→ **Problem to solve**
In the records below, find the line containing "Лампа светодиодная A60" and the line containing "Three row bright". Give again exactly those lines and every line between them, omitting the pictures.

→ **Source information**
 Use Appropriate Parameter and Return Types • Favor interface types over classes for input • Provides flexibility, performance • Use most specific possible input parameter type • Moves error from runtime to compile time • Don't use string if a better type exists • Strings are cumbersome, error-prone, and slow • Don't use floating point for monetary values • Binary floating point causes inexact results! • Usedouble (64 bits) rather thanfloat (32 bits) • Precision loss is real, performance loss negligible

* * *

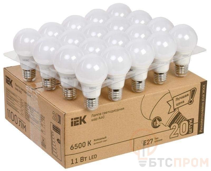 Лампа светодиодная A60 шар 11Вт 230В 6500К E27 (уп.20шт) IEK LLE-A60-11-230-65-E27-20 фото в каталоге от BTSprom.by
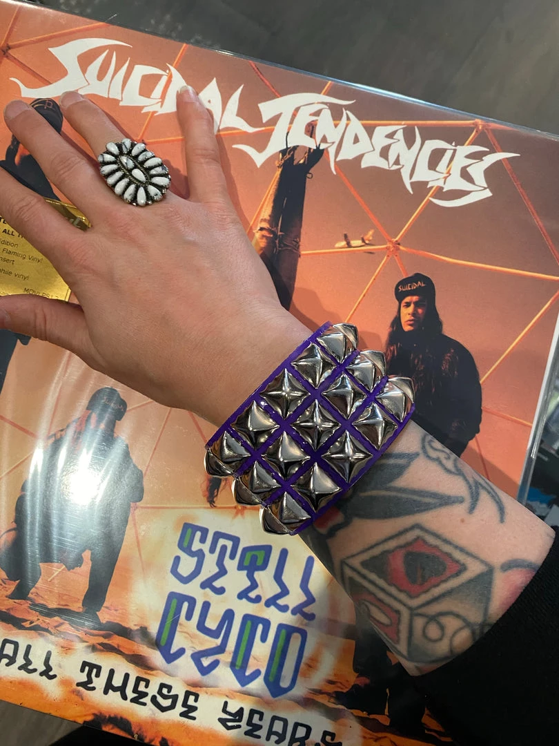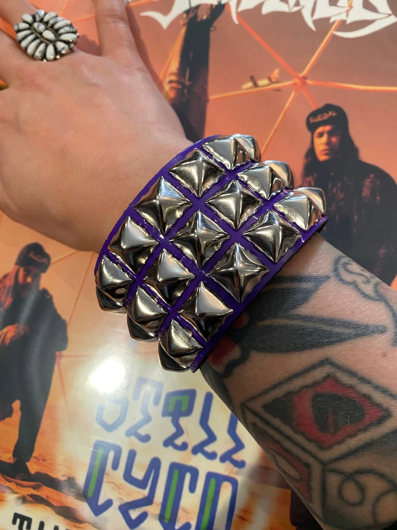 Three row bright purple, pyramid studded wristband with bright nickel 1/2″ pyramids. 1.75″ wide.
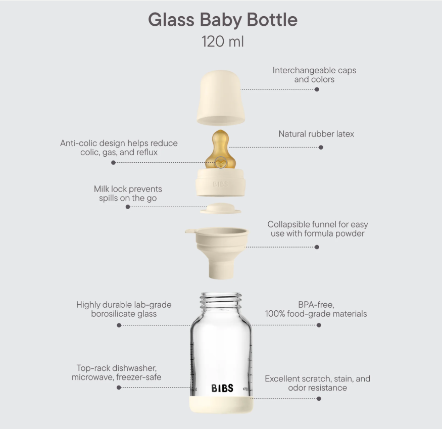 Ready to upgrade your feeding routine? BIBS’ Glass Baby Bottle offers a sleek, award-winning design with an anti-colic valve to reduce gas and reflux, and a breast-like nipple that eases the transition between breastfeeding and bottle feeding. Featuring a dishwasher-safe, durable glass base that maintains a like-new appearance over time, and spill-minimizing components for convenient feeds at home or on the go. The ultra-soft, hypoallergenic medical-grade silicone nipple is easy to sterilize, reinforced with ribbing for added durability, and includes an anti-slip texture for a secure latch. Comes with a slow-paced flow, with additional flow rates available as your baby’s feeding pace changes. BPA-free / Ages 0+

...

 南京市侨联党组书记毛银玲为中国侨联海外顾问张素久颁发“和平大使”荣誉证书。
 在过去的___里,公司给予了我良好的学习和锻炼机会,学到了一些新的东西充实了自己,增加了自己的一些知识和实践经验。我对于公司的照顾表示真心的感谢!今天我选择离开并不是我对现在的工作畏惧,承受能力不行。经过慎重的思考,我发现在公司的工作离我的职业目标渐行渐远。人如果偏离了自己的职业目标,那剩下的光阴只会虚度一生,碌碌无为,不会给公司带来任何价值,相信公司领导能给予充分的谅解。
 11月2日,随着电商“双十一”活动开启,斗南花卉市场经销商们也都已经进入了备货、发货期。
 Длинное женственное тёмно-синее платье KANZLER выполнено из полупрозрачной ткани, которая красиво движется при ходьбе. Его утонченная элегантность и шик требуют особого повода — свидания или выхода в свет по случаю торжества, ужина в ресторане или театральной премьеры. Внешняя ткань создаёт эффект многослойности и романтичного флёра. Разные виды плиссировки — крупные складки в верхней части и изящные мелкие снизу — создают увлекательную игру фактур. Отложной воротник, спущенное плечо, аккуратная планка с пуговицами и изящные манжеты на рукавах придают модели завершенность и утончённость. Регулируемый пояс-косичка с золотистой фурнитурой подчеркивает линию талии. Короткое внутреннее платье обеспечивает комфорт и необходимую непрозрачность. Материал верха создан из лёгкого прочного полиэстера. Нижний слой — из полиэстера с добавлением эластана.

→ **Exercise answer**
 Лампа светодиодная A60 шар 11Вт 230В 6500К E27 (уп.20шт) IEK LLE-A60-11-230-65-E27-20 фото в каталоге от BTSprom.by
 Three row bright purple, pyramid studded wristband with bright nickel 1/2″ pyramids. 1.75″ wide.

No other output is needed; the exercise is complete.